Round 1: A Better TLSF Allocator

When I first got the problem, I wanted to try improving a “normal allocator” - that is, implementing a general-purpose allocator. At the time, I thought that since it’s too easy to play tricks in kernel space, scoring points in abnormal ways would feel too cheaty and not fun at all.

After a rough investigation, I realized that the rlsf library used for the TLSF implementation is already one of the better allocator algorithm implementations: https://github.com/yvt/rlsf#measured-performance. I tried adjusting rlsf’s parameters (FLLEN and SLLEN) and found no changes - unable to break past 170.

I realized that trying to optimize TLSF seemed futile; the route of improving TLSF was declared a failure.

Round 2: Test-Case-Oriented Allocator

Well, I had to start writing my own thing from scratch.

To understand what determines the score - that is, what determines the upper limit of the indicator count - and further, to understand the changes in memory allocation behavior and memory fragmentation at each step.

It’s not hard to see that the test case frees even-indexed blocks while keeping odd-indexed ones.

From this, we can specifically “attack” this point - study the test case’s allocation pattern, track each allocation to see if it’s part of the batch that “won’t be freed,” arrange them contiguously in a special region, so that memory fragmentation doesn’t occur at all, achieving an astonishing 100% utilization rate.

But when I was about to start, I realized this thing has no meaning in the real world - it only works for this test case. At least in my view, this isn’t much different from abnormal methods.

So, well… might as well go all the way and just take the abnormal approach to the extreme?
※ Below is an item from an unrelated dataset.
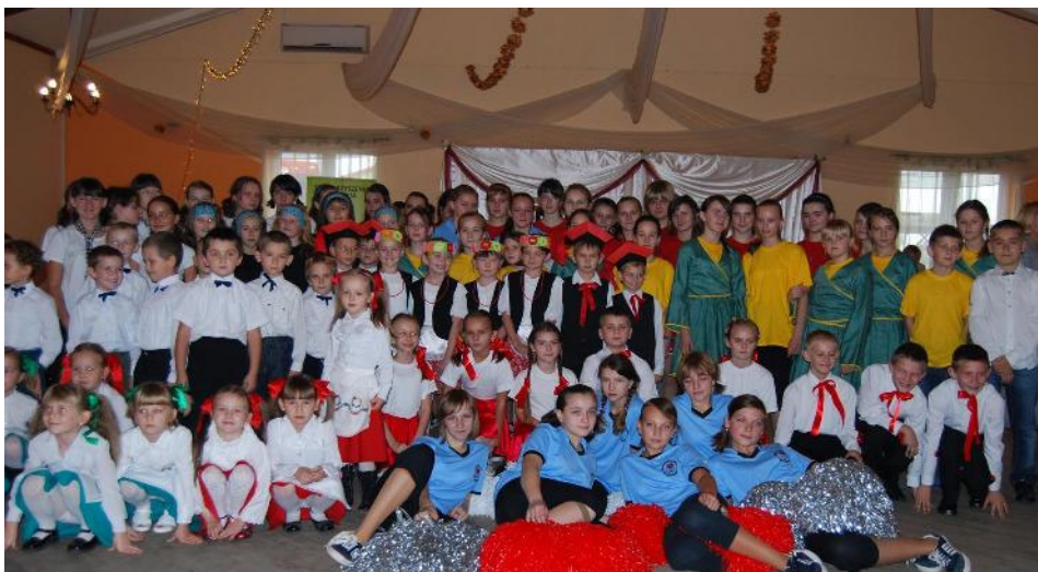
Uczestnicy II Międzyszkolnego Turnieju Tańca

W przerwie prezentacji konkursowych i podczas obrad jury umiejętności taneczne zaprezentowały dzieci z Gminnego Przedszkola w Malano-

Round 3: The Fake Allocator

From the test case’s behavior, we can learn that it only verifies whether the last byte of a block is correct. Then the idea is simple: track each allocation behavior. If it’s the outer Vec, give it a real allocator; if it’s the inner Vec, only allocate two bytes and then return a forged memory address!

But easier said than done. The idea is simple, true, but what method exists to precisely identify where a heap allocation operation comes from? The answer is: no way! Not to mention how difficult forging memory addresses would be.

I did try it, but… quickly gave up.

Worth mentioning: the allocator part is not directly in the kernel, so there’s no println available, making debugging extremely difficult.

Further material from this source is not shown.